Wound infection rate was about 35% in interrupted-X method at the time of stitch removal and about 10% in Professor Hughes method. The risk was 3.5 times more with interrupted-X method than Professor Hughes method.4

Wound infection for interrupted-X was 5% at 6 weeks and three months and about 2.5% for Professor Hughes technique. P value=0.5 hence the difference was not statistically significant. But there was slight decrease in wound infection associated with Professor Hughes method.5

 

Wound Dehiscence

Wound dehiscence was present in 20% in group 1 and 10% in group 2 on the 3rd post-operative day with increased relative risk with interrupted X.
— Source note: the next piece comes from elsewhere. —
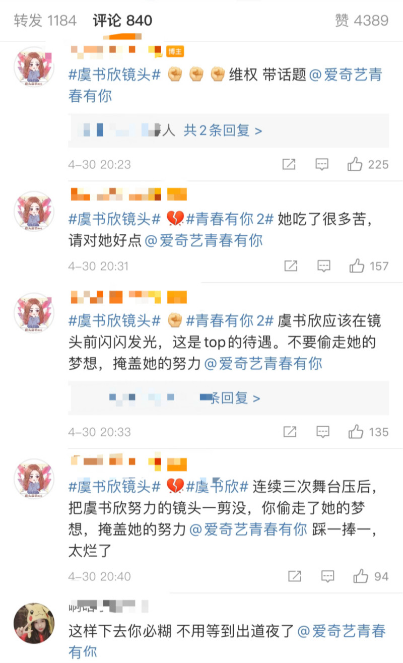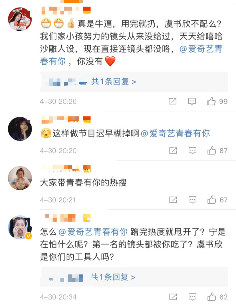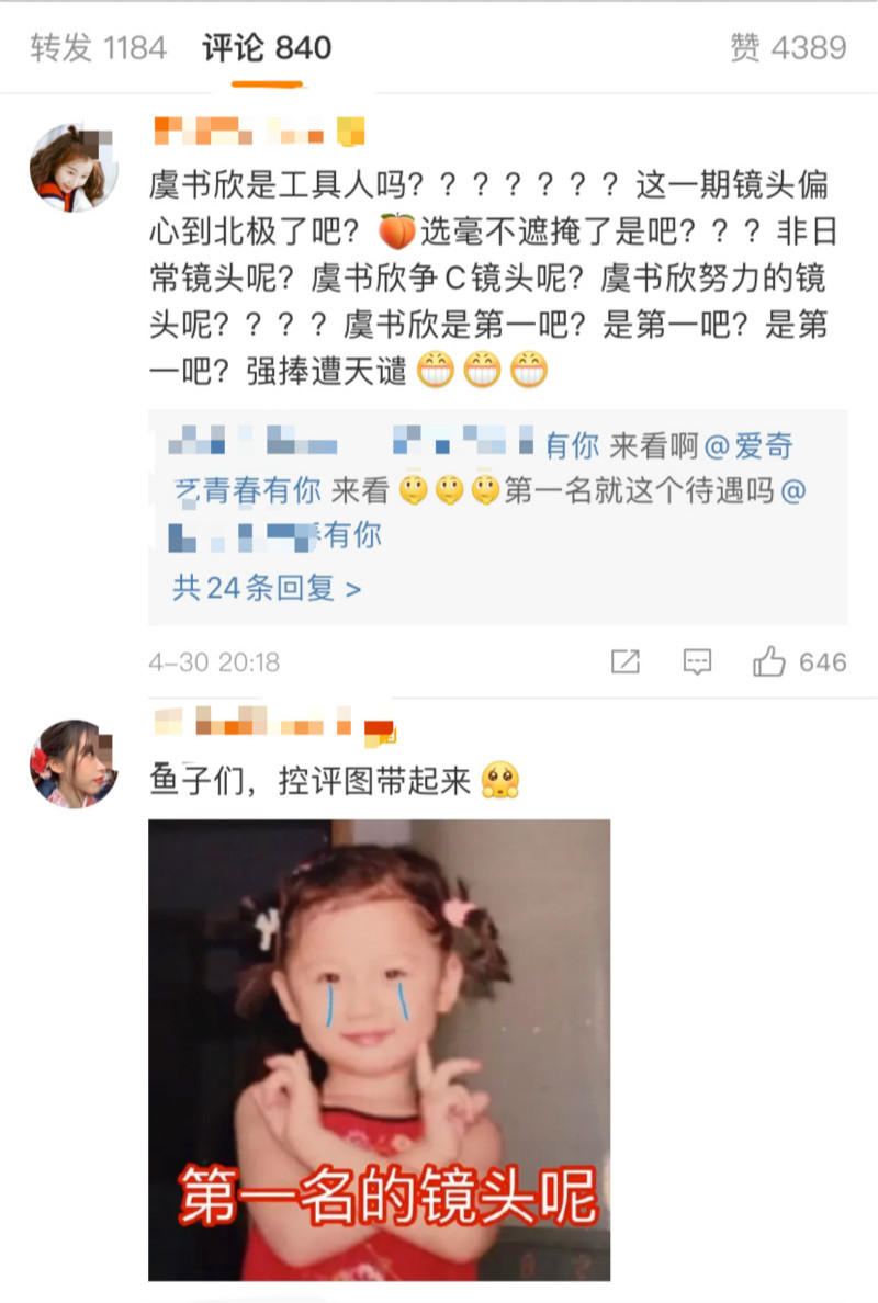 於是很多虞書欣的粉絲紛紛抗議,覺得製作單位沒有心,仿佛一開始就利用虞書欣炒話題,現在節目收視穩定了,就乾脆放棄了虞書欣的鏡頭,明明她就是連續好幾期第一,怎麼可能鏡頭會這麼少~

Wound dehiscence was present in 35% in interrupted-X and 22.5% in Professor Hughes technique at 6 weeks but the difference was not statistically significant. Wound dehiscence at 3 months was 15% in interrupted X and none in Professor Hughes technique but the difference was not statistically significant. Studies comparing interrupted X and professor Hughes technique shows slight decreased in wound dehiscence with Professor Hughes technique.

 

Suture Sinus

Suture sinus was present in 15% and 10% cases in Professor Hughes technique in 6 weeks and 3 months respectively and none in interrupted-X. But the difference was not found to be statistically significant.

Relative risk was also calculated, and it was found that Professor Hughes method with nylon has more risk for suture sinus formation. Non absorbable sutures have higher chances of suture sinus formations compared to absorbable sutures.6

 

CONCLUSIONS

  1. Wound infection was lower with Professor Hughes’ far near technique, but difference was not statistically significant.
  2. Wound dehiscence and burst abdomen were low with Professor Hughes’ far near technique but difference was not statistically significant
  3. Suture sinus was slightly higher in Professor Hughes’ technique with nylon than interrupted-X with Vicryl but the difference was not statistically significant.
  4. Time consumed was less with Professor Hughes’ far near technique and was statistically significant.
  5. Length of suture material used was less in Professor Hughes’ method while maintaining the SL: WL>4 hence cost efficient.

 

Hence Professor Hughes’ far near technique is the preferred method since it causes lesser complications and is time efficient and cost efficient.

ACKNOWLEDGMENTS

The authors would like to thank all the colleagues in department of general surgery who extended their cooperation, time and cooperation.